There was, however, no plan, and the House of
Commons would forfeit its duty if it consented to
deal in the abstract with a matter respecting which the
theories were endless. Passing to the budget generally,
he asserted that the Chancellor of the Exchequer had
introduced a new principle, subversive of all rules of
prudence, by presenting a budget without a surplus,
for the £400,000 he insisted, in opposition to Mr.
D'Israeli, was borrowed money, and no real surplus.
That right hon. gentleman, he said, complained of
being opposed by a coalition. He (Mr. Gladstone)

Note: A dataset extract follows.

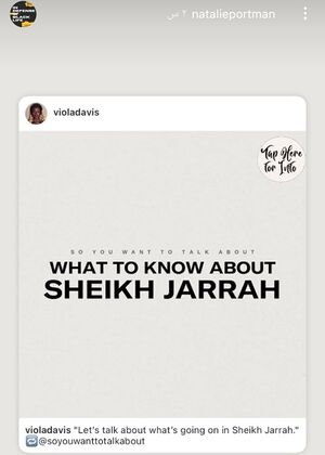 في 11 مايو 2021، أعلنت الممثلة الأمريكية-الإسرائيلية ناتالي بورتمان تضامنها مع الفلسطينيين بعد الإعتداءات الأخيرة في القدس والمسجد الأقصى. ونشرت بورتمان مقالاً عبر صفحتها على إنستگرام، حول حي الشيخ جراح، متضامنة مع احترام حرية وحقوق الفلسطينيين. ورفضت بورتمان، طرد الفلسطينيين من القدس، والاستيلاء على منازلهم بدون وجه حق.[25]
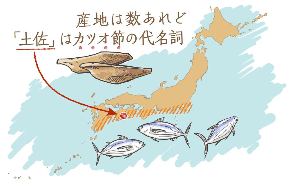 カツオ節の風味を利かせた料理・調味料の名に、土佐煮や土佐醤油、土佐酢など「土佐」を冠することがあります。土佐は、日本の旧国名のひとつ。現在の高知県にあたり、良質なカツオ節の産地として古くから名を馳せました。しかし、カツオ節を産するのは土佐だけではありません。千葉、静岡、三重に和歌山、鹿児島など太平洋側には多くの産地があり、それぞれ日本の食文化を支えてきました。では、その中でもなぜ、土佐の名が用いられるのでしょう。歴史の流れと共に紐解きます。

wanted to know whether a minister of the Crown
was entitled to make a charge against an independent
member of parliament, and without any evidence.
He voted against the budget not only because he
disapproved on general grounds of its principles, but
emphatically because it was his firm conviction that
this was the most perverted budget in its tendency and
ultimate effects that he had ever seen, and if the house
should sanction its delusive scheme, the day would
come when it would look back with bitter, and late
though ineffectual repentance.
The committee then divided:—
The House then adjourned till Monday following. Ayes . . . . . . . 286 Noes . . . . . . . 305 Majority against Ministers . . 19
On Monday the 20th, the CHANCELLOR of the
EXCHEQUER gave a similar explanation of the Resignation
of Ministers to that given by Lord Derby, in the House
of Lords, and moved that the house should adjourn to
Thursday, which was agreed to.
On Monday, the 27th, New Writs were ordered to
issue for supplying fourteen vacancies caused by the
acceptance of offices under the new administration.